Privacy software often fails in the same way: it makes a strong promise and then gives the user almost nothing visible in return. A real risk engine solves that by separating three things cleanly: the events the product can observe, the score it derives from those events, and the policy decisions it takes in response.
The event layer should stay stable. That means recording clear signals like tracker requests, fingerprinting attempts, consent-state changes, location-sensitive prompts, or interface pressure patterns. If the event model is durable, the product can improve over time without rewriting the whole story every time scoring logic changes.
The scoring layer should answer a human question, not just an engineering one. It should estimate how exposed, identifiable, and steerable the person looks in the current moment. That is much more useful than an abstract “privacy score” with no explanation. If the score goes up, the product should be able to say why in plain language.

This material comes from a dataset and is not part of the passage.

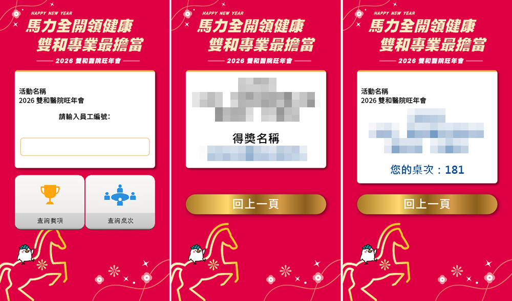2026雙和醫院旺年會-3000人客製化抽獎系統+查詢獎項+查詢桌次+馬賽克過場動畫

The policy layer is where Cloak becomes a product instead of a dashboard. This is where the system decides whether to block, blur, warn, or hold. The point is not to maximize drama. The point is to preserve decision space and reduce unnecessary exposure while keeping the product legible enough that a normal person can trust it.
This structure also helps with proof. Cisco’s 2024 Consumer Privacy Survey reported that 75% of consumers said they would not purchase from organizations they did not trust with their data. Trust is not built by saying “privacy matters.” It is built by showing what changed, why it changed, and how the product behaves consistently under pressure.
That is the standard Cloak should meet. A risk engine should make privacy protection inspectable. If the product cannot show the signal, explain the score, and justify the action, the user is being asked for faith instead of being given proof.